| Input data |
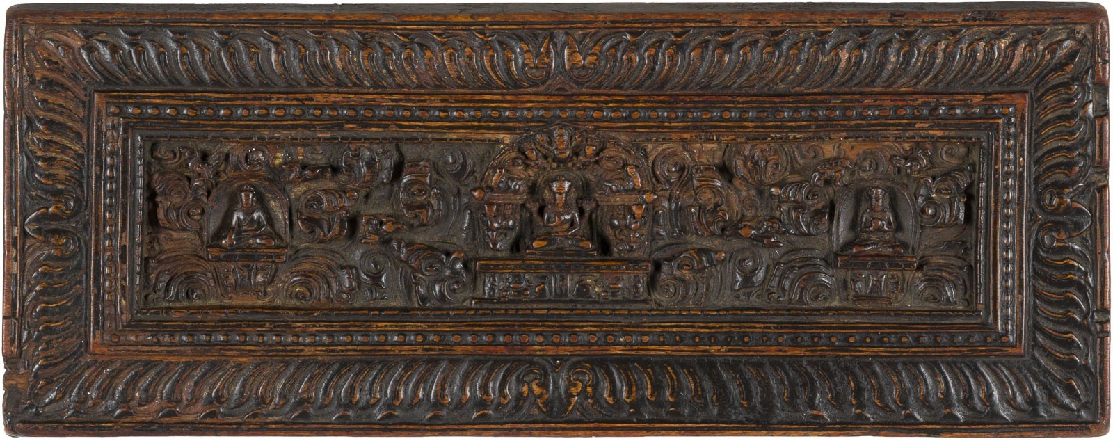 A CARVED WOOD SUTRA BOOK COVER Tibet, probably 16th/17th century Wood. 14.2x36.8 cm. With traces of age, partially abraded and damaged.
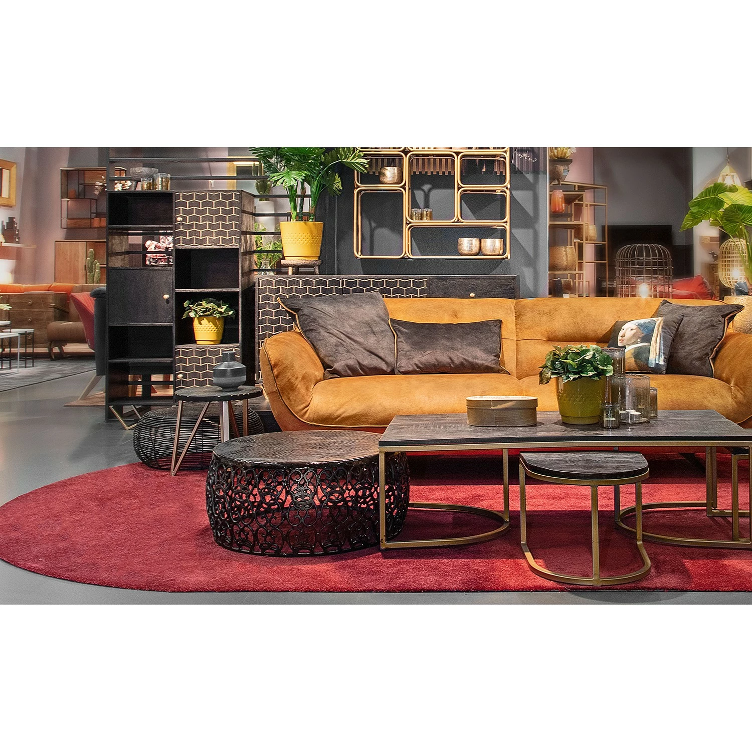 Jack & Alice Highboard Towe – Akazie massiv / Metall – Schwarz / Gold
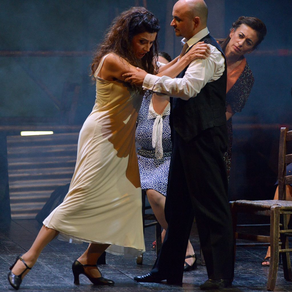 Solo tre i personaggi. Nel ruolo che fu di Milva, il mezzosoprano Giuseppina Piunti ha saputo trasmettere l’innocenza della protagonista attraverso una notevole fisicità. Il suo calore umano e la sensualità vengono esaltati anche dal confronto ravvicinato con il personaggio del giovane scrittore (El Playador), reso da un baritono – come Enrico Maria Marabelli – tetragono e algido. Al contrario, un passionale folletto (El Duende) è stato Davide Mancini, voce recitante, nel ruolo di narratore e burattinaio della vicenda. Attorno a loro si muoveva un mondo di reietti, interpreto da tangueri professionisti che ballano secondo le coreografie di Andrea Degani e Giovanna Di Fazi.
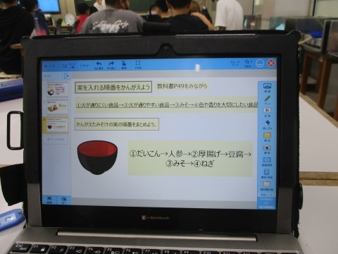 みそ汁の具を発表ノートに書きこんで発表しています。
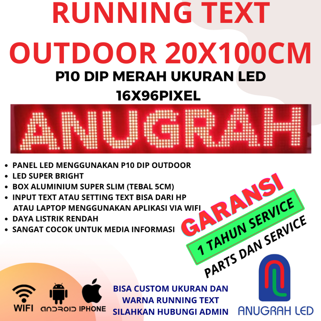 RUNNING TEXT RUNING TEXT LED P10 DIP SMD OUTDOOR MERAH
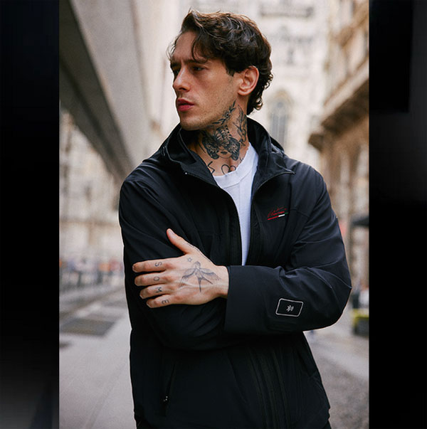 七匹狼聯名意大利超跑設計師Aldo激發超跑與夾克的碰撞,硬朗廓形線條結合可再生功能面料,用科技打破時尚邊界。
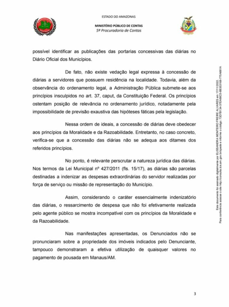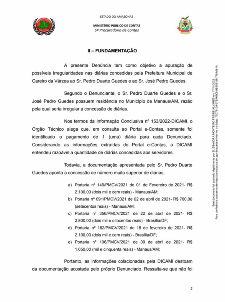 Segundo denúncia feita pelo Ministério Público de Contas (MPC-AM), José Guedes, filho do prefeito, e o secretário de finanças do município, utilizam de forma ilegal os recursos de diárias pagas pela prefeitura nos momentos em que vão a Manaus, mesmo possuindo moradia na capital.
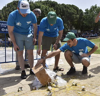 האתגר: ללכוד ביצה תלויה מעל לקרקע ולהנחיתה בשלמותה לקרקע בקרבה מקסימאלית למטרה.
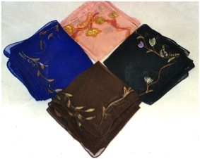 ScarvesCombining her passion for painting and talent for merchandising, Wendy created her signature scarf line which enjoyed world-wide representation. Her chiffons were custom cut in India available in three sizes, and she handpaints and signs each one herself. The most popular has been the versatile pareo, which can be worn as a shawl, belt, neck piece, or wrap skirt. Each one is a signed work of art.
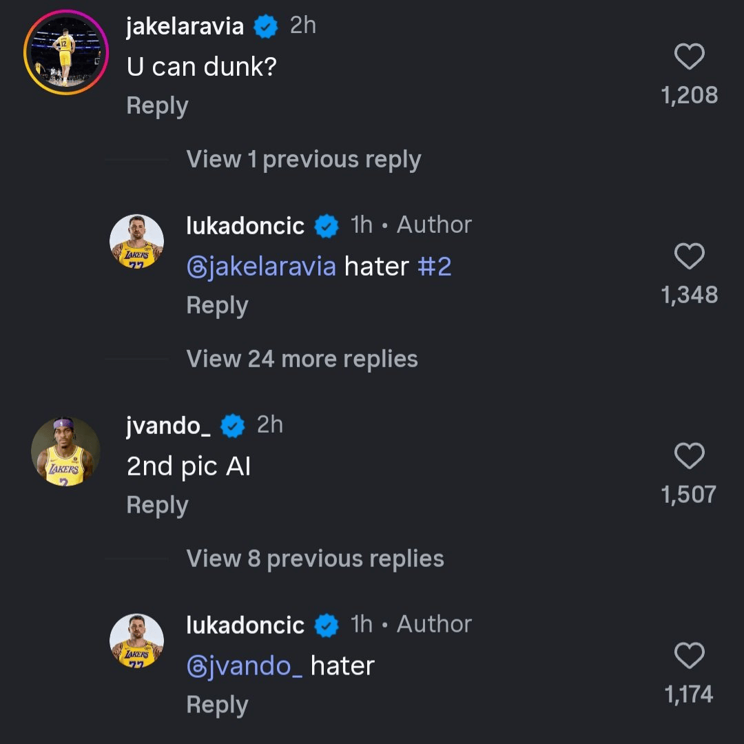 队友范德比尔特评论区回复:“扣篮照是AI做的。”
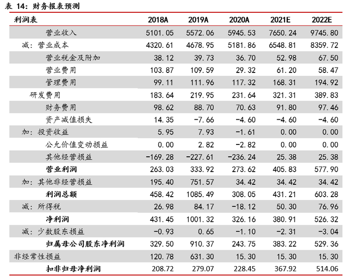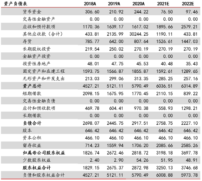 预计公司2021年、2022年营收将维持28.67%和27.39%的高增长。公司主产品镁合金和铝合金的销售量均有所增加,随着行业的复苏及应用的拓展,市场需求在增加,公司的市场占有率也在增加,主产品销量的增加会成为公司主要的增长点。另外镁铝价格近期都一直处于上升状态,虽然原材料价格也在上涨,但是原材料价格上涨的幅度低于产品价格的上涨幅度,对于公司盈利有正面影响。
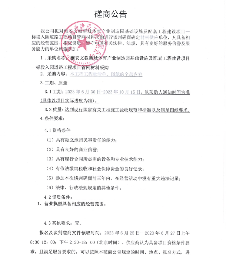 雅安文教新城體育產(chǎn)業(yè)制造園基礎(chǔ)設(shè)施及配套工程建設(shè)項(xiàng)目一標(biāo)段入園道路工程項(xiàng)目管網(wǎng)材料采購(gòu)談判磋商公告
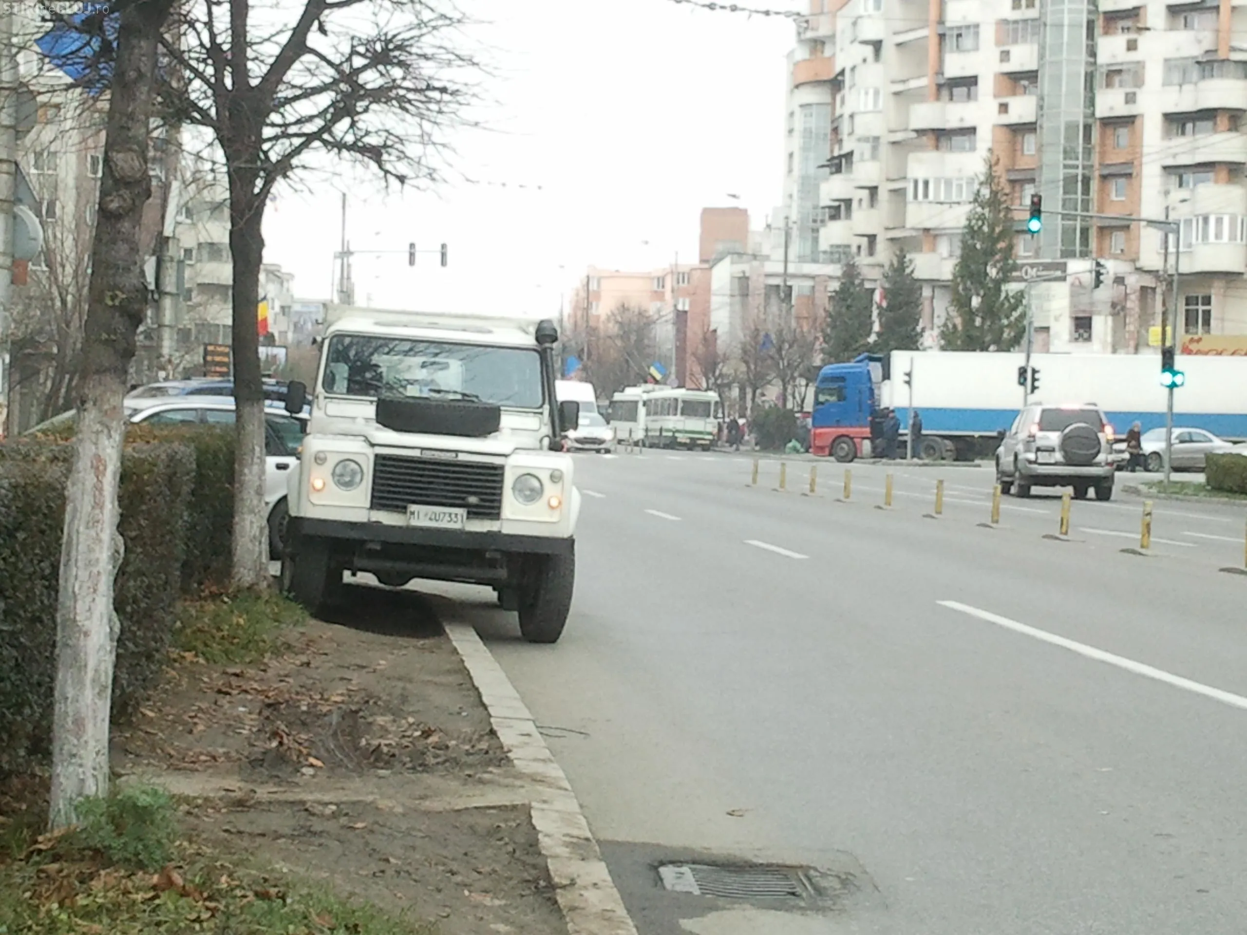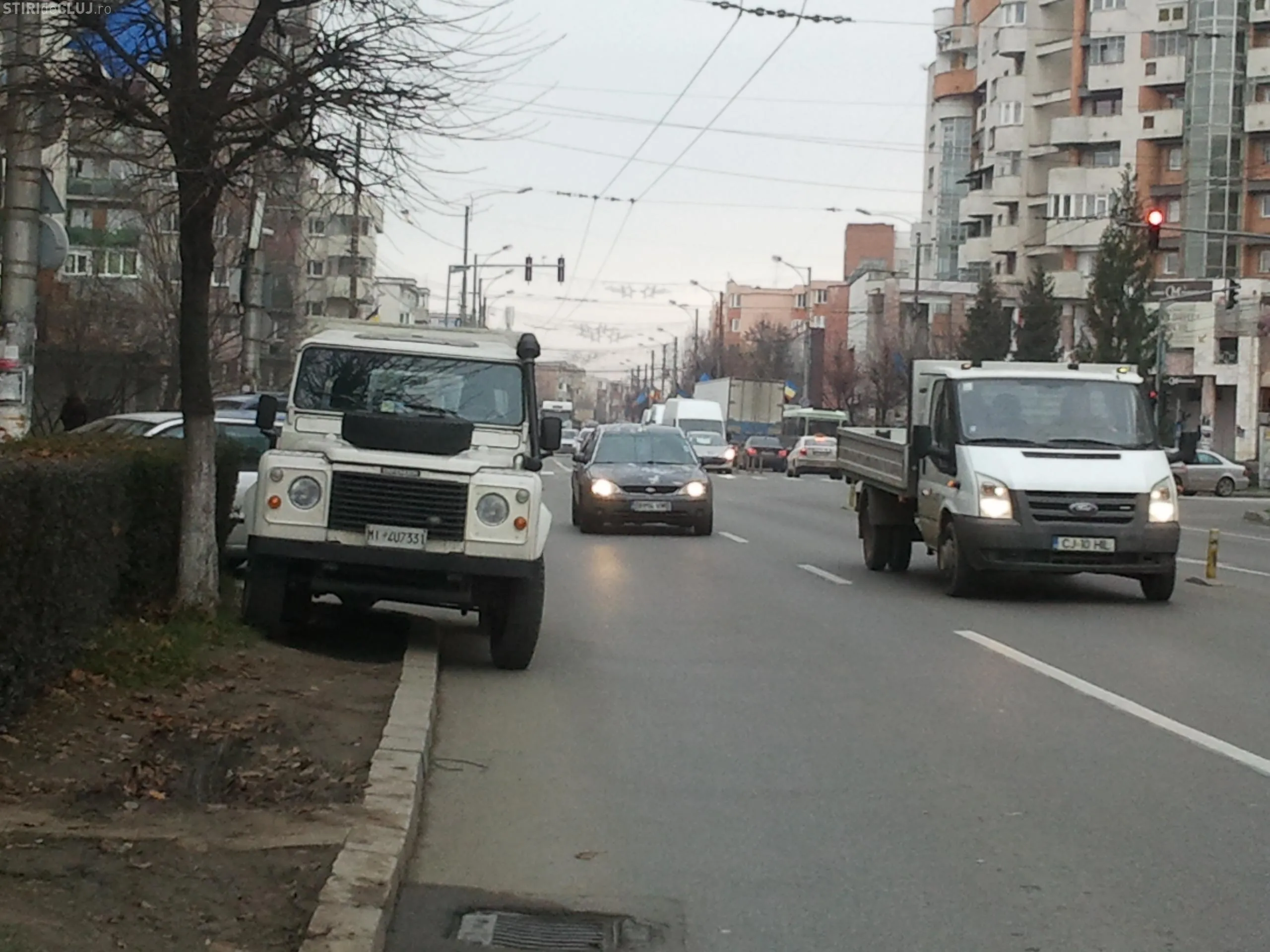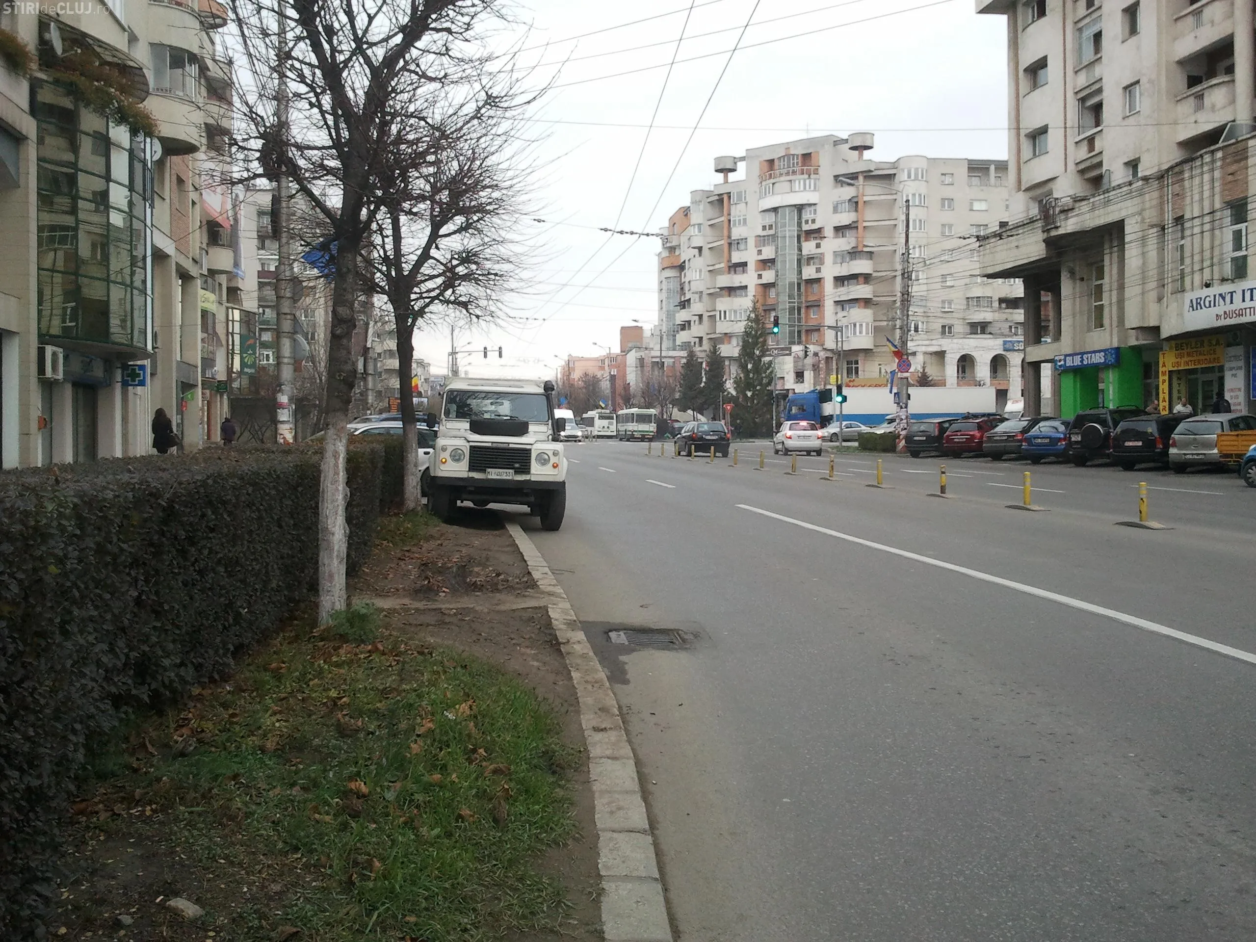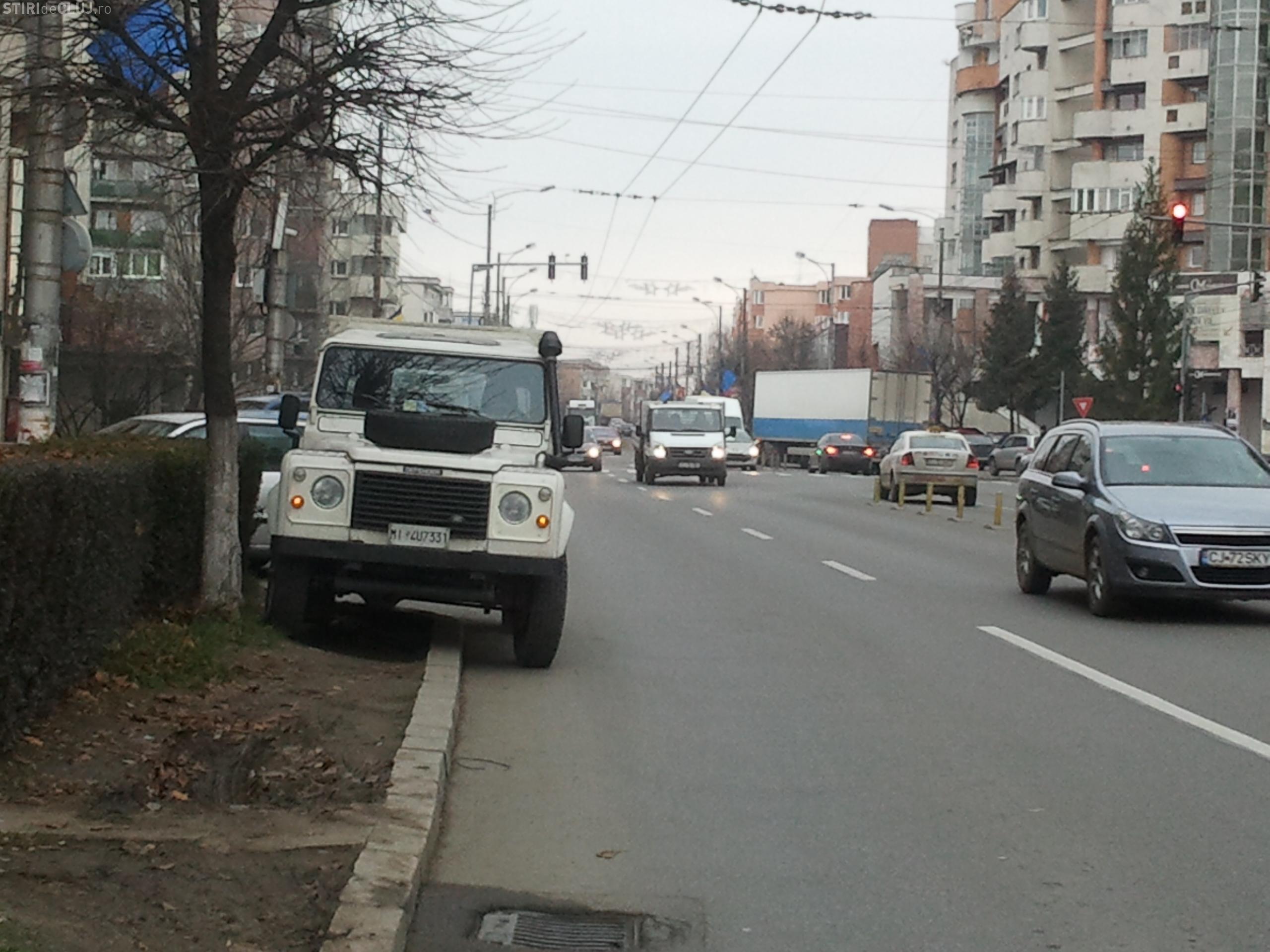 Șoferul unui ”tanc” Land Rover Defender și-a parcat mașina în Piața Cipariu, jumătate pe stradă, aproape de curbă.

| Activity |
Give again, word for word, the lines above from the one with "预计公司2021年、2022" through the final line of the data, both ends included. Do not copy any picture.

| Your response |
 预计公司2021年、2022年营收将维持28.67%和27.39%的高增长。公司主产品镁合金和铝合金的销售量均有所增加,随着行业的复苏及应用的拓展,市场需求在增加,公司的市场占有率也在增加,主产品销量的增加会成为公司主要的增长点。另外镁铝价格近期都一直处于上升状态,虽然原材料价格也在上涨,但是原材料价格上涨的幅度低于产品价格的上涨幅度,对于公司盈利有正面影响。
 雅安文教新城體育產(chǎn)業(yè)制造園基礎(chǔ)設(shè)施及配套工程建設(shè)項(xiàng)目一標(biāo)段入園道路工程項(xiàng)目管網(wǎng)材料采購(gòu)談判磋商公告
 Șoferul unui ”tanc” Land Rover Defender și-a parcat mașina în Piața Cipariu, jumătate pe stradă, aproape de curbă.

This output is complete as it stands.